Scientific classification
- Kingdom: Plantae
- Clade: Embryophytes
- Clade: Tracheophytes
- Clade: Spermatophytes
- Clade: Angiosperms
- Order: Austrobaileyales
- Family: Schisandraceae
- Genus: Schisandra
- Species: S. perulata
- Binomial name: Schisandra perulata Gagnep.

= Schisandra perulata =

- Genus: Schisandra
- Species: perulata
- Authority: Gagnep.

Species of flowering plant

Schisandra perulata is a species of flowering plant in the family Schisandraceae. It is a climbing plant with thin leaves, and solitary, yellow-red flowers. The species is native to Thailand and Vietnam, and was described in 1939.

==Taxonomy==
François Gagnepain described the species in 1939.

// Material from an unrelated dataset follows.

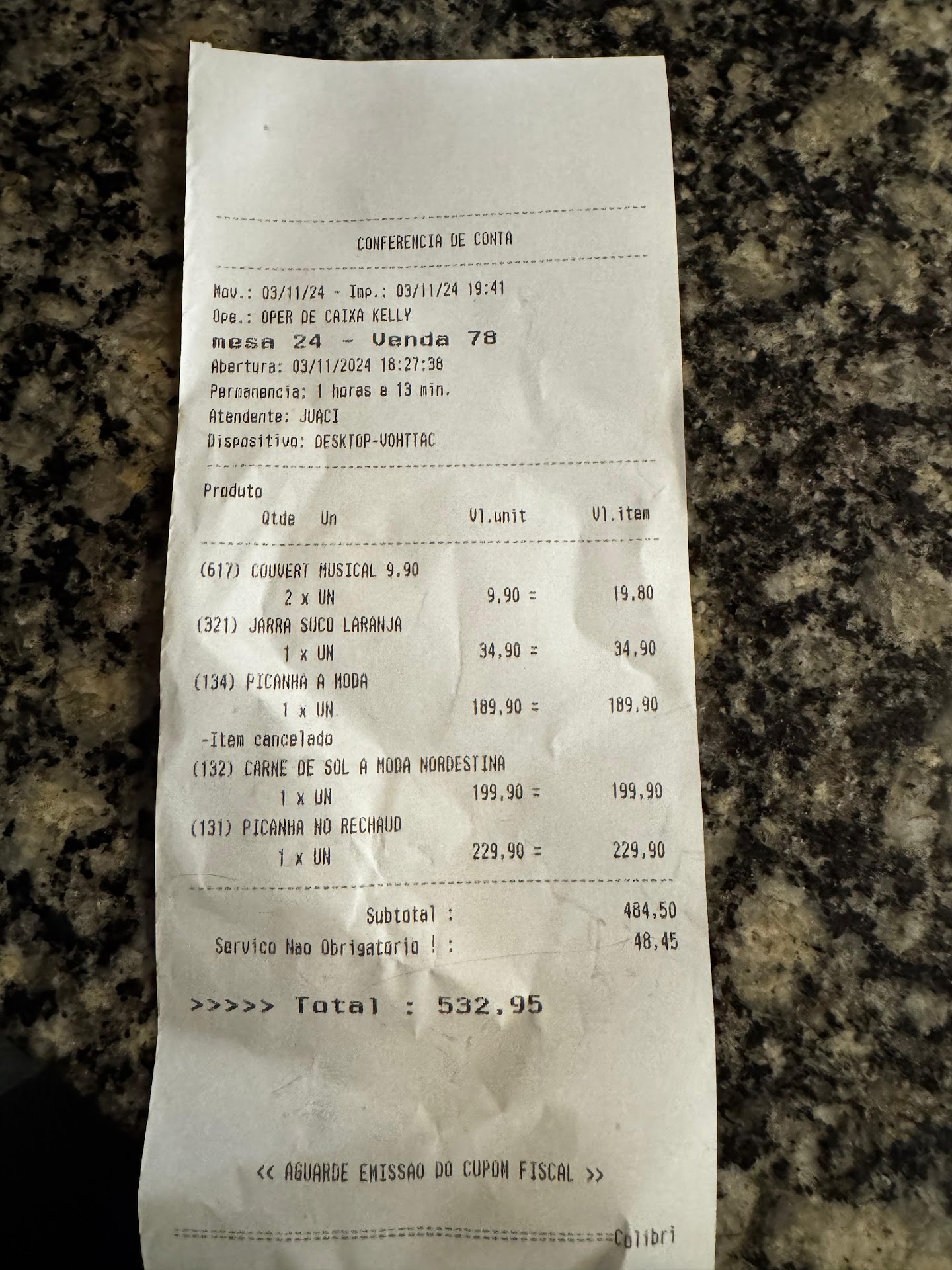Read moreLlegamos mi pareja y yo y nos sentamos en la mesa más chica que había. Nos pusimos a leer la carta y no la terminamos de leer que el mesero ya nos estaba apurando para pedir. Pedimos dos platos creyendo que las porciones eran para una persona y resulta que eran como para 2 o 3 personas cada plato. El mesero nunca nos dijo esto y en la carta tampoco lo decía. Un desperdicio de comida. El mesero nos dijo “pensé que venía más gente” y que por eso no nos dijo nada, siendo que éramos dos personas en la mesa más chica. La comida, más salada que el mar muerto y la carne, sin ser la picanha, durísima. Al final, le pedimos la cuenta y ahí mismo te aparece el precio de lo que consumiste y el precio con la propina, que en el papel te dice que la propina no es obligatoria. El mesero nos quería obligar a pagarle la propina cosa que no hicimos y que además se enojó por esto. Menos mal llevamos efectivo, porque nos quería cobrar con tarjeta y ahí te meten el precio con propina si o si. Me iba a llevar la boleta y el mesero no quiso que me la lleve y le sacamos una foto. También, cuando no estábamos yendo nos pedían un “papel de salida” o no se qué cosa ya que somos turistas (no hablamos portugués) pero por suerte nos dejaron ir. Fuimos a pasar una linda noche y nos la terminaron arruinando solo por rascar unos reales por ser turista....
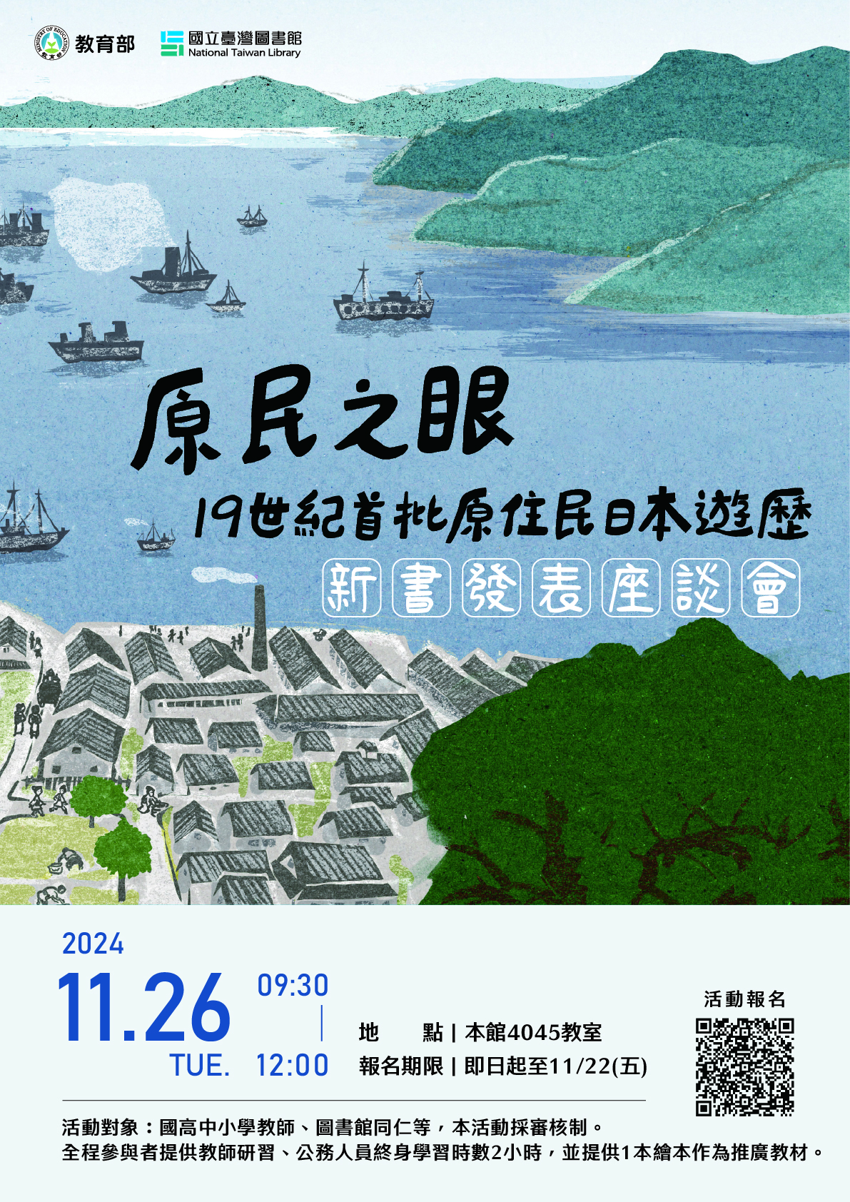 二、 | 國立臺灣圖書館為推廣史料近用,將史料轉譯成繪本《原民之眼:19世紀首批原住民日本遊歷》。繪本內容符合十二年國民基本教育課程綱要,適合國小高年級社會課程、國中歷史、高中歷史作為課程延伸閱讀素材。 |

Schisandra perulata forms a clade with S. henryi and S. longipes. Within Schisandra, it is part of the subgenus Pleiostema.

==Distribution==
Schisandra perulata is native to northern Thailand and northern Vietnam. It grows in evergreen forests, at elevations of 1400-1500 m.

==Description==
Schisandra perulata is a climbing plant with woody vines.

The leaves are thin, elliptic and ovate, 12-14.5 cm long, and 6.5-8.5 cm wide. The edges are finely toothed, finely serrated, or smooth. The leaf stems are 16-40 mm long.

The flowers are solitary. The male flowers have twenty-two to thirty stamens, and seven or eight yellow to red tepals. The outermost tepals are ovate, and the innermost tepals are obovate. The flower stems are 26-66 mm long.

The fruits grow on 12-14 cm stems. The plant is likely in fruit in August.